#### [Records from a dataset]
———

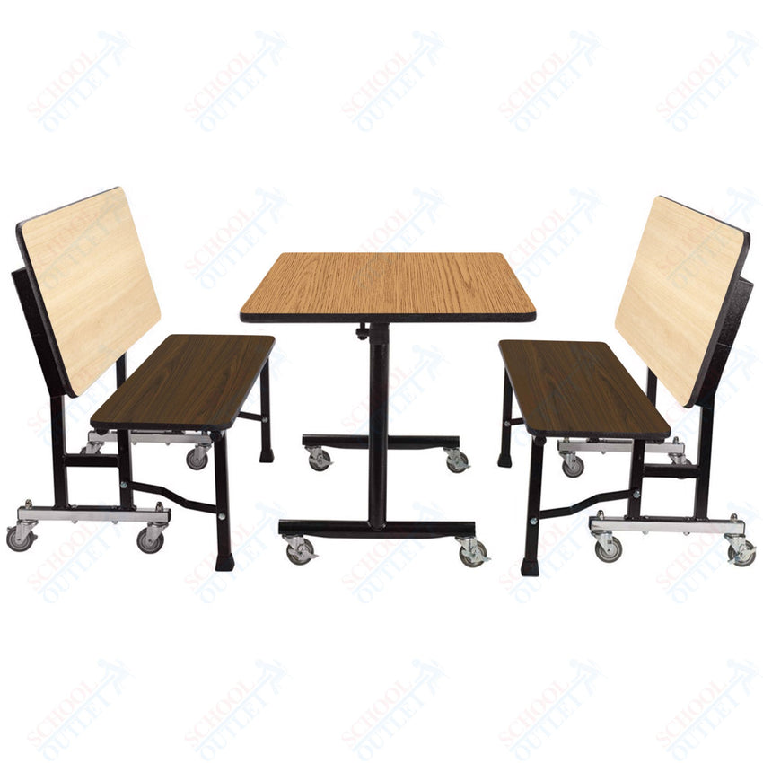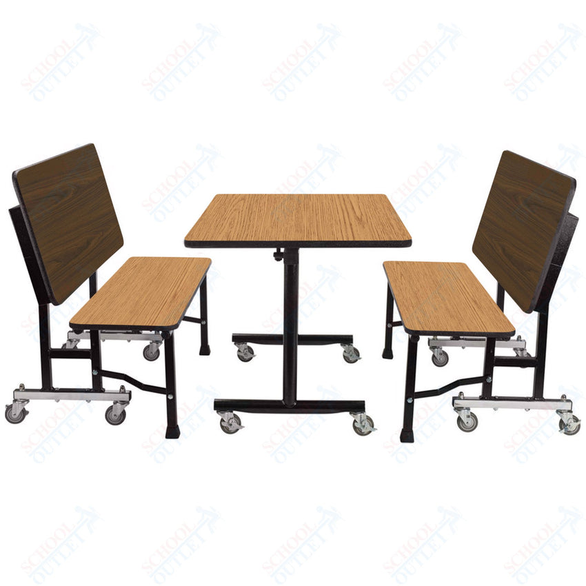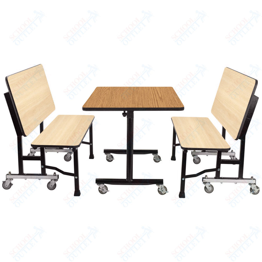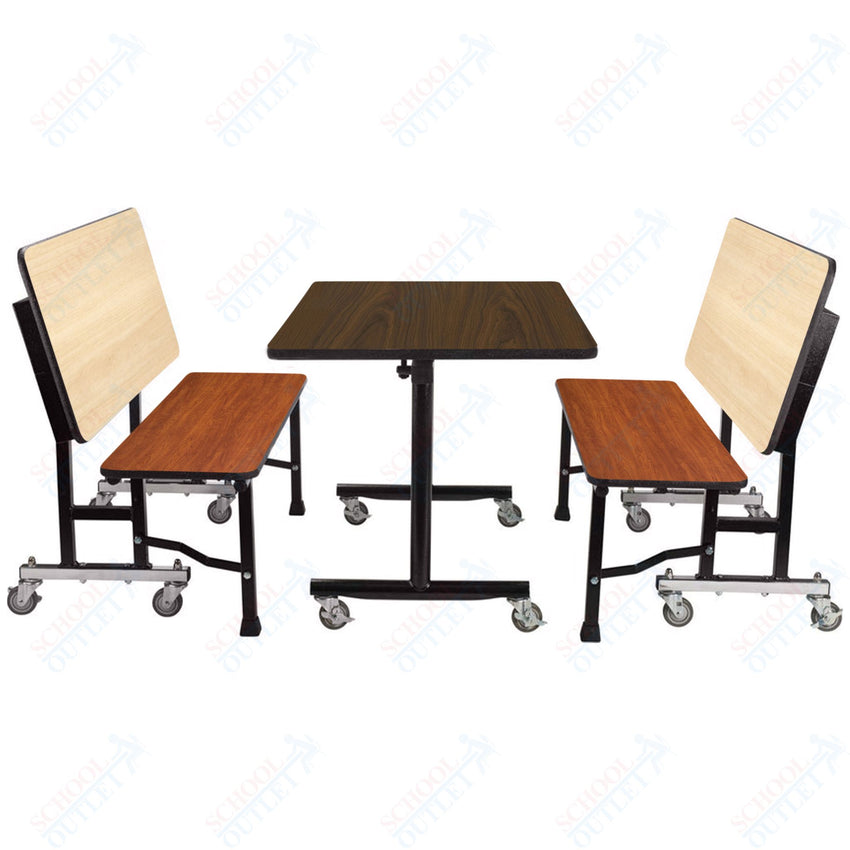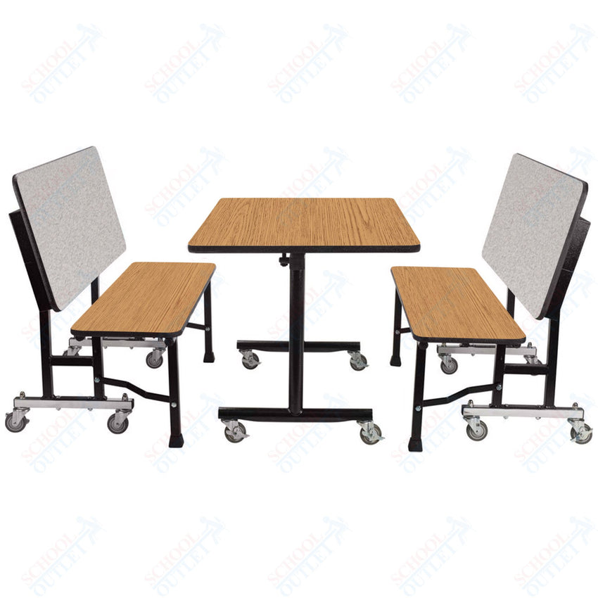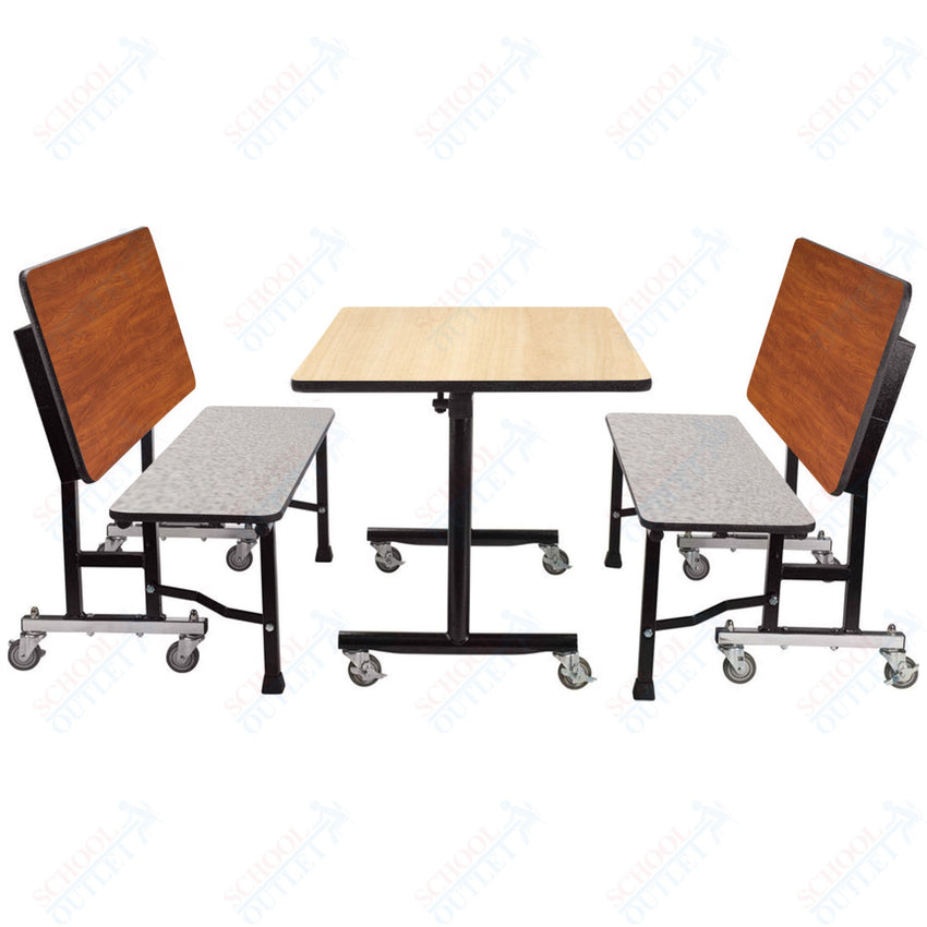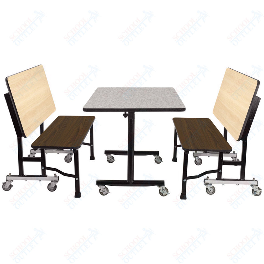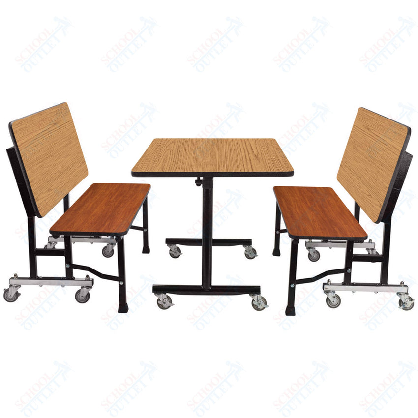 Today's cafeterias have become multi-purpose spaces which require furniture that is mobile and multi-functional. NPS's ToGo Booth System is ideal for such an environment. Built with 14 gauge steel, 2" tube legs, and double ball bearing non-marring 3" casters, the ToGo provides the ultimate in strength and mobility. It's simple to reconfigure for multi-purpose use. The ToGo benches feature fixed high backs with a slight 12-degree pitch providing the perfect contour for comfortable seating. Rubber Grip-Tight glides automatically engage with the floor when opened along with locking casters to keep your seating arrangement nicely in place. ToGo Tables come in a choice of MDF or particleboard core with various laminate color options. Tables open and lock automatically and are easily released with a pull of a handle. The ToGo Bench and Table top flip up and nest for optimal storage. Both are offered in 48" or 60" widths and 24"or 30" depths providing comfortable seating for all sizes.
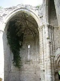- Cubiertas. Las naves se cubren con bóvedas de crucería de nervios muy marcados; únicamente el lado meridional del crucero se cubre de bóveda de cañón apuntada. Los arcos, apuntados, se apoyan en semicolumnas con capiteles de decoración vegetal. Las bóvedas y sus correspondientes nervaturas se apoyan en el muro a través de una cornisa soportada mediante pilastras y semicolumnas adosadas, con capiteles de decoración vegetal y en los gruesos pilares octogonales entre las naves. Solo se conservan las cubiertas de los tres ábsides y la nave sur.
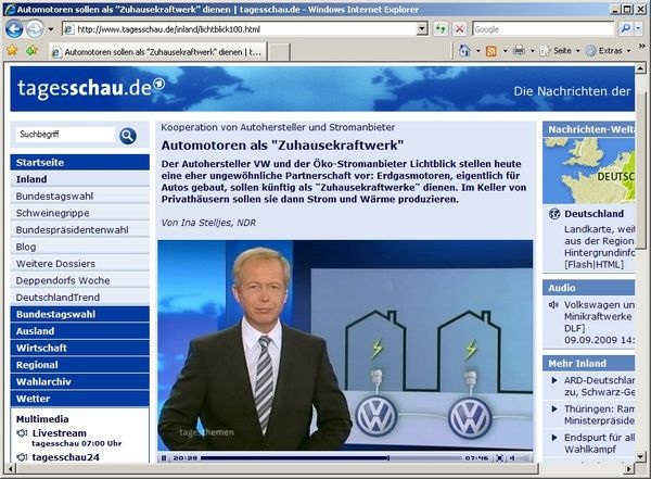 Im Rampenlicht stand insbesondere die Energiepartnerschaft von LichtBlick und Volkswagen. Sie sieht vor, dass LichtBlick bis 2020 bundesweit 100.000 „ZuhauseKraftwerke“ mit einer konstanten elektrischen Leistung von jeweils 20 kW zu einem virtuellen Kraftwerk mit 2000 MW zusammenschaltet. Die von Volkswagen produzierten Mini-BHKW mit Erdgasmotor ersetzen zugleich die komplette Heizungsanlage in Gebäuden mit einem Gasverbrauch ab 45.000 kWh/a und sind nicht auf hohe Laufzeiten, sondern auf die Erzeugung von besonders teurem Spitzenlaststrom ausgelegt. Regellast anbieten zu können, ist schon heute ein lukratives Geschäft und wird es durch den Ausbau der Wind- und PV-Stromerzeugung auch bleiben. Insbesondere wenn man die dabei entstehende Abwärme verkaufen kann. Das unternehmerische Risiko trägt LichtBlick: Die Kunden vermieten an den Energieversorger ihren Keller zur BHKW-Installation und stellen das Gebäude im Rahmen eines Wärmeliefervertrags als Wärmesenke zur Verfügung und erhalten zudem einen (geringen) Bonus auf die erzeugte Strommenge.
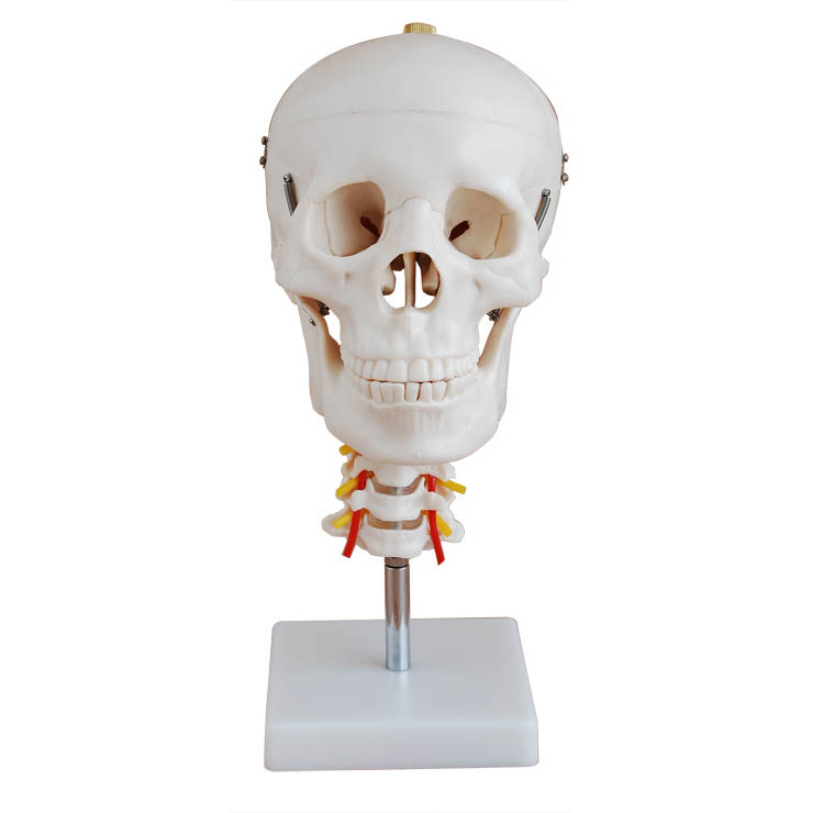 該頭顱骨帶頸椎模型由頭骨和7節(jié)頸椎組成,帶頸椎動脈,有底座。
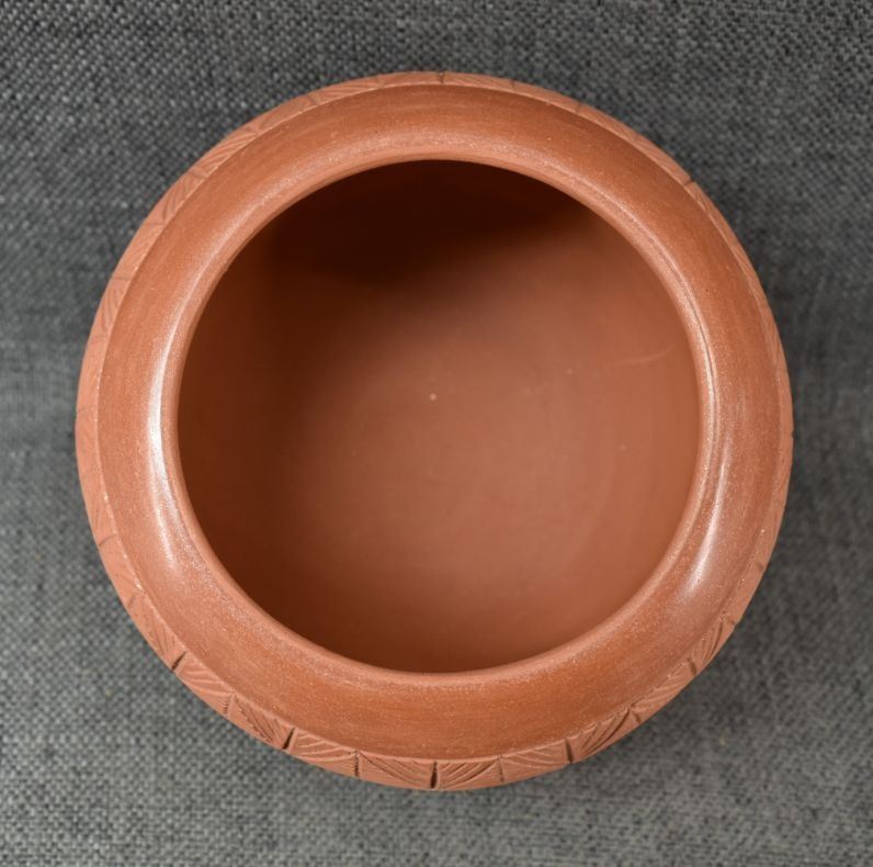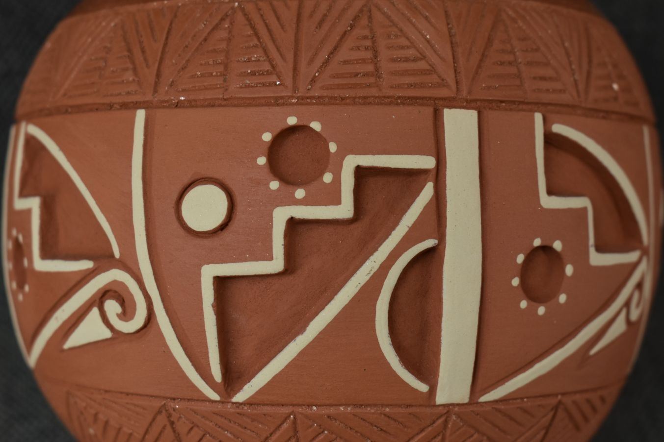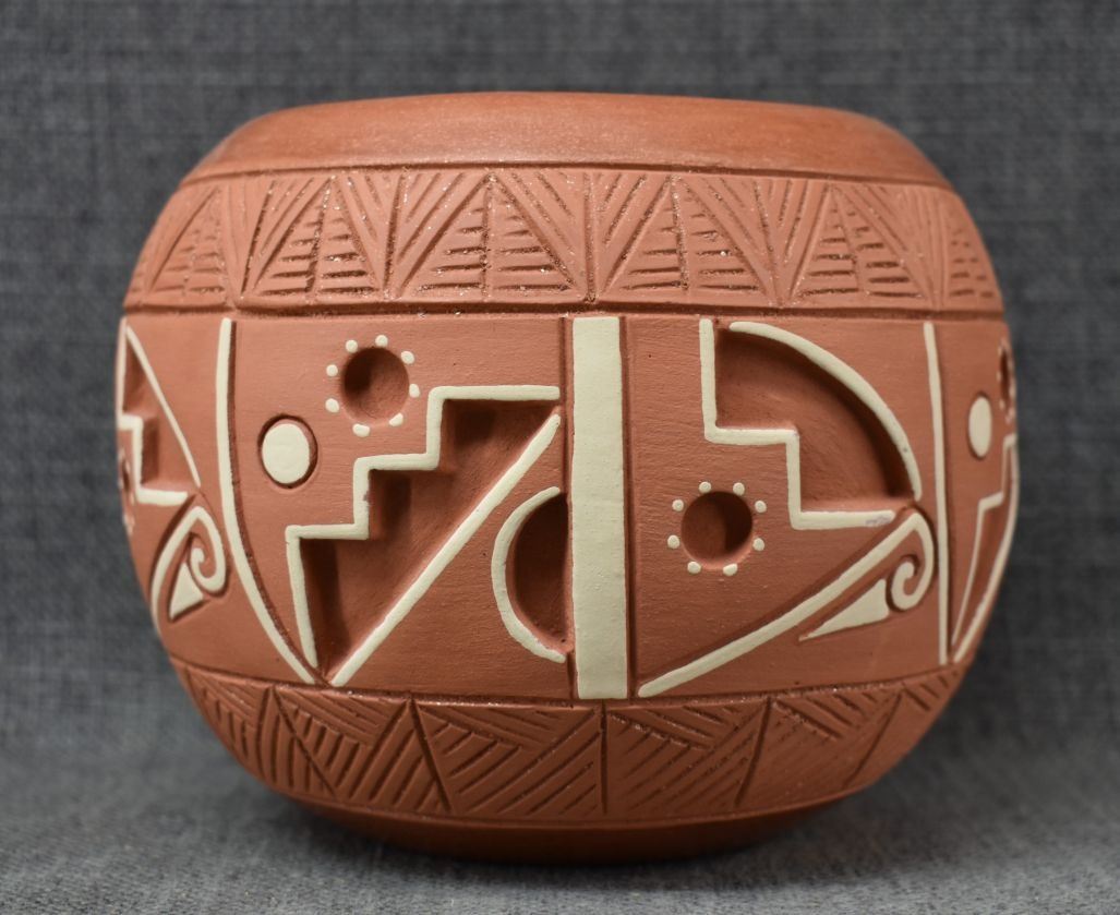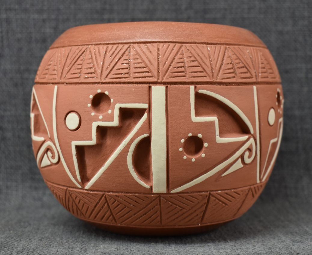 1980-90's San Juan, hand coiled with incised carved and painted geometric design by Rosita De Herrera 4.75" x 6"

———

#### [The task]
A word-for-word copy of all the data, without pictures, is the expected output.

#### [Finished exercise]
 Today's cafeterias have become multi-purpose spaces which require furniture that is mobile and multi-functional. NPS's ToGo Booth System is ideal for such an environment. Built with 14 gauge steel, 2" tube legs, and double ball bearing non-marring 3" casters, the ToGo provides the ultimate in strength and mobility. It's simple to reconfigure for multi-purpose use. The ToGo benches feature fixed high backs with a slight 12-degree pitch providing the perfect contour for comfortable seating. Rubber Grip-Tight glides automatically engage with the floor when opened along with locking casters to keep your seating arrangement nicely in place. ToGo Tables come in a choice of MDF or particleboard core with various laminate color options. Tables open and lock automatically and are easily released with a pull of a handle. The ToGo Bench and Table top flip up and nest for optimal storage. Both are offered in 48" or 60" widths and 24"or 30" depths providing comfortable seating for all sizes.
- Cubiertas. Las naves se cubren con bóvedas de crucería de nervios muy marcados; únicamente el lado meridional del crucero se cubre de bóveda de cañón apuntada. Los arcos, apuntados, se apoyan en semicolumnas con capiteles de decoración vegetal. Las bóvedas y sus correspondientes nervaturas se apoyan en el muro a través de una cornisa soportada mediante pilastras y semicolumnas adosadas, con capiteles de decoración vegetal y en los gruesos pilares octogonales entre las naves. Solo se conservan las cubiertas de los tres ábsides y la nave sur.
 Im Rampenlicht stand insbesondere die Energiepartnerschaft von LichtBlick und Volkswagen. Sie sieht vor, dass LichtBlick bis 2020 bundesweit 100.000 „ZuhauseKraftwerke“ mit einer konstanten elektrischen Leistung von jeweils 20 kW zu einem virtuellen Kraftwerk mit 2000 MW zusammenschaltet. Die von Volkswagen produzierten Mini-BHKW mit Erdgasmotor ersetzen zugleich die komplette Heizungsanlage in Gebäuden mit einem Gasverbrauch ab 45.000 kWh/a und sind nicht auf hohe Laufzeiten, sondern auf die Erzeugung von besonders teurem Spitzenlaststrom ausgelegt. Regellast anbieten zu können, ist schon heute ein lukratives Geschäft und wird es durch den Ausbau der Wind- und PV-Stromerzeugung auch bleiben. Insbesondere wenn man die dabei entstehende Abwärme verkaufen kann. Das unternehmerische Risiko trägt LichtBlick: Die Kunden vermieten an den Energieversorger ihren Keller zur BHKW-Installation und stellen das Gebäude im Rahmen eines Wärmeliefervertrags als Wärmesenke zur Verfügung und erhalten zudem einen (geringen) Bonus auf die erzeugte Strommenge.
 該頭顱骨帶頸椎模型由頭骨和7節(jié)頸椎組成,帶頸椎動脈,有底座。
 1980-90's San Juan, hand coiled with incised carved and painted geometric design by Rosita De Herrera 4.75" x 6"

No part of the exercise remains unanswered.